Dienstag, 30. November 2010

"Jahresarbeiten"

Unbedingt bedacht werden müsste einmal der pädagogische Wert der "Jahresarbeiten"; besonders in der 8.Klasse:
Wie viele Schüler bewältigen das gut und wie viele sind damit völlig überfordert, so dass die Eltern einen großen Teil der Leistung erbringen?
Wie sieht es mit den gewählten Themen aus? Sind es im Sinne der Waldorfpädagogik wünschenswerte Themen und werden sie in der wünschenswerten Weise ausgearbeitet und vorgetragen?
Wird nicht oft der Ehrgeiz und der Egoismus der Schüler unterstützt? Sie machen etwas für sich, was sie sich vielleicht schon lange wünschten?
Wieviele Arbeiten werden letztendlich doch in einer ganz kurzen Zeit angefertigt und reifen und entwickeln sich nicht wirklich?

Man blickt auf gute Einzelleistungen, die einen beglücken; aber wie ist es mit der Gesamtheit einer Klasse?

Ist nicht das Klassenspiel eine ausreichende "Jahresarbeit? Dazu noch eine gemeinschaftliche?

Man kennt dann auch gleich die Antworten, die kommen: Es ist wichtig und schön, dass die Kinder einmal eine selbstständige Arbeit durchführen, usw. Wie aber ist das durch die Menschenkunde abgedeckt? Wie ist die Entwicklung der Seelenglieder gegen Ende des zweiten Jahrsiebts? Wie bringt man das alles miteinander in Einklang?

Ich habe noch nie an keiner Schule eine befriedigende Vorstellung der 8.Klass-Arbeiten erlebt.

Im Rundbrief der Pädagogischen Sektion Michaeli 2010 schreibt Christoph Wiechert ("Die pädagogische Praxis der Waldorfschulen") im Anschluss an seine Ausführungen zu den 12.-Klass-Arbeiten:


"Bei diesem Thema kann einem die Frage kommen, was ist die pädagogische Relevanz, was ist die pädagogische Redlichkeit, solche Arbeiten auch an das Ende des achten Schuljahres zu legen? Wie ist das Verhältnis von Lernen zum Event?

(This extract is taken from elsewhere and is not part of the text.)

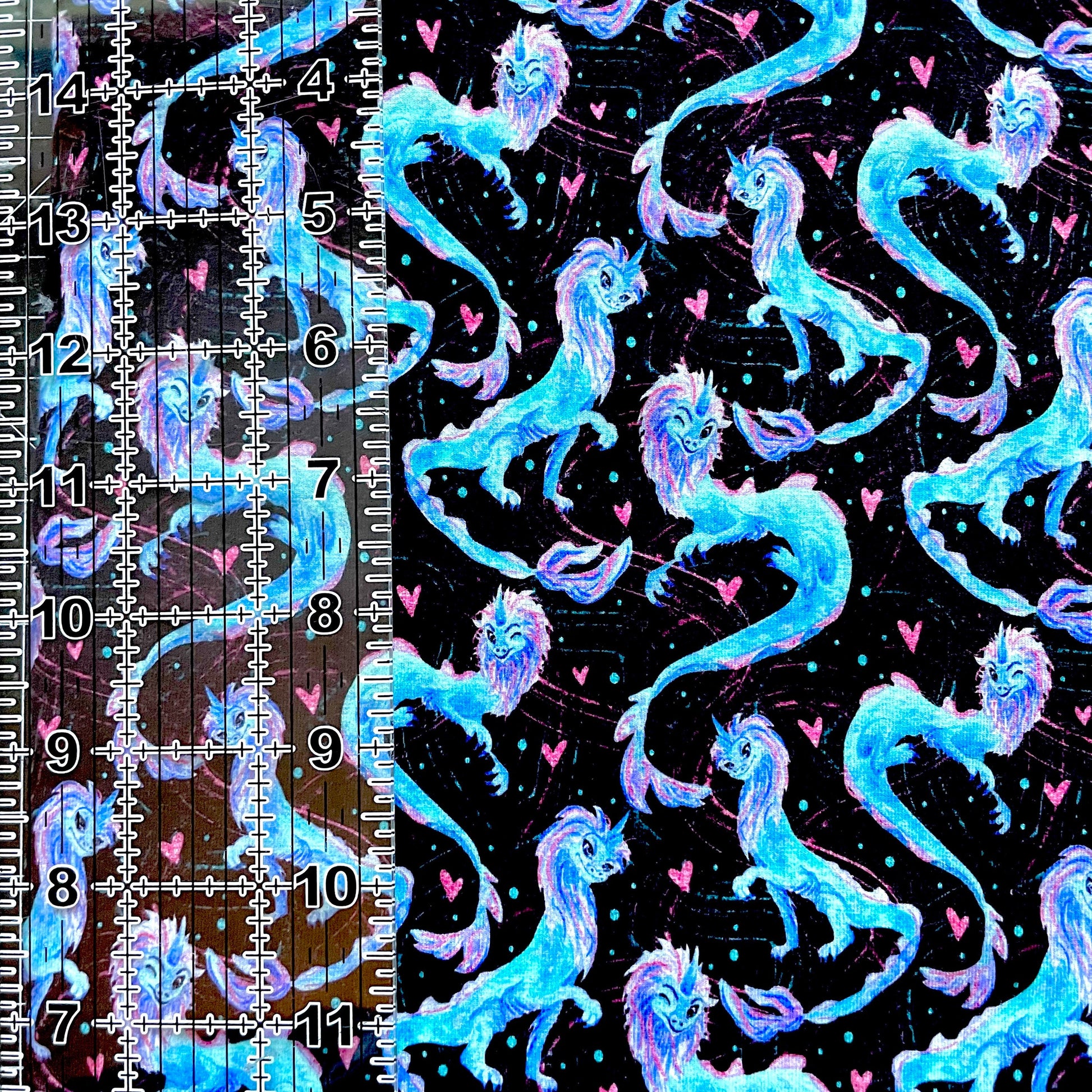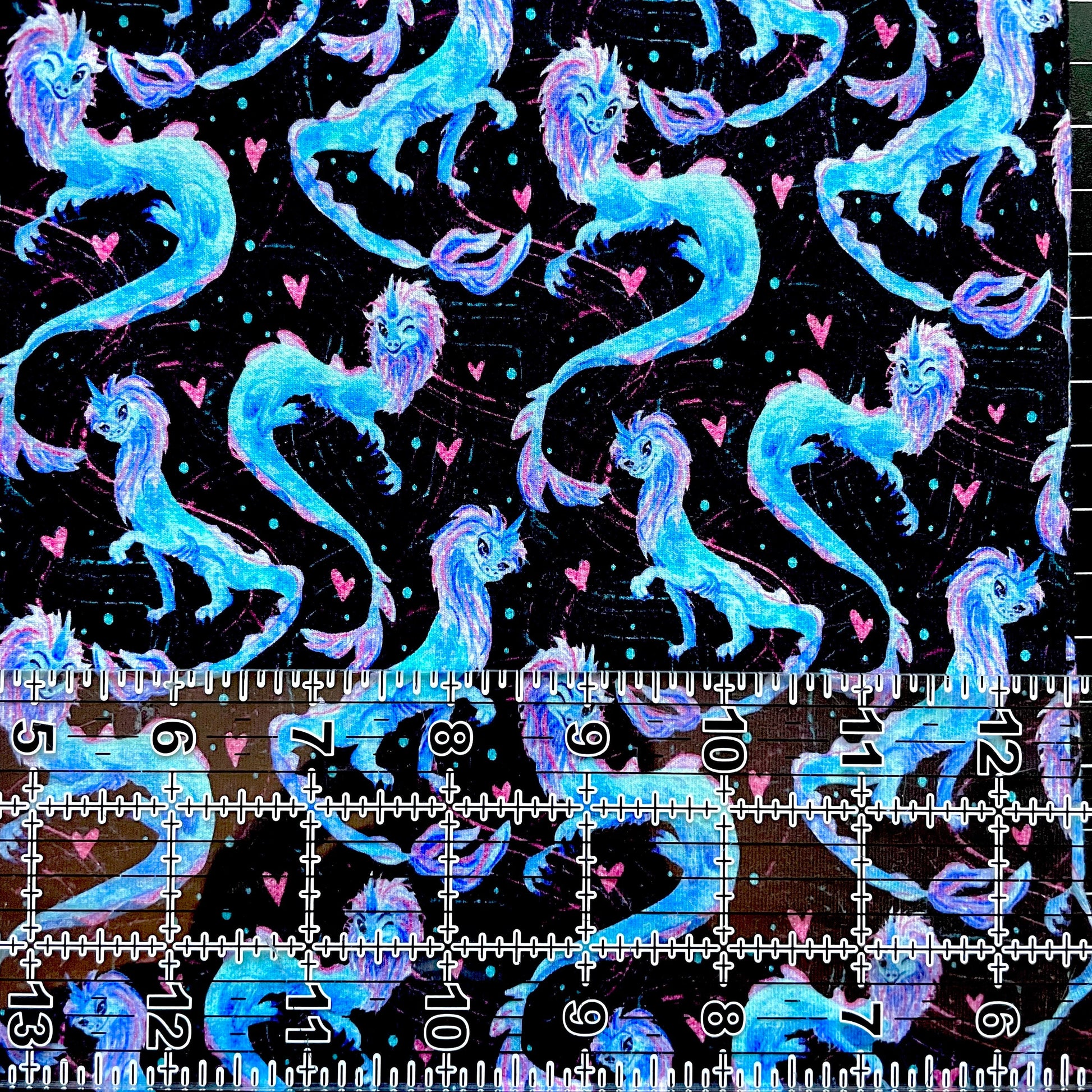 9x14 Tumbler Cut, Custom Fabric, CottonSpandex, High Quality, Mask Cut, Tumbler Fabric, Disney, Dragon, Cute, Small Scale, Black
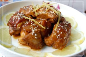 5.鸡肉出锅装盘.锅中剩鱼的汁用淀粉勾芡,淋于鸡肉上.盛器边摆上柠檬片,在 鸡肉上撒白芝麻和柠檬丝装饰,ok.

Welcher pädagogische Gewinn liegt in einer Abschlussarbeit eines Achtklässlers...? Wie ist diese Idee entstanden? Im allgemeinen Sog, früh etwas zu tun, was für später vorgesehen war?
Auch hier sind nicht reflektierte Gewohnheiten entstanden, die der pädagogischen Selbstberatung harren. Sehen wir einen Gewinn, eine Zunahme an Selbstständigkeit, sehen wir wirkliche Originalarbeiten oder ist es Abgeschriebenes aus Wikipedia im Internet?"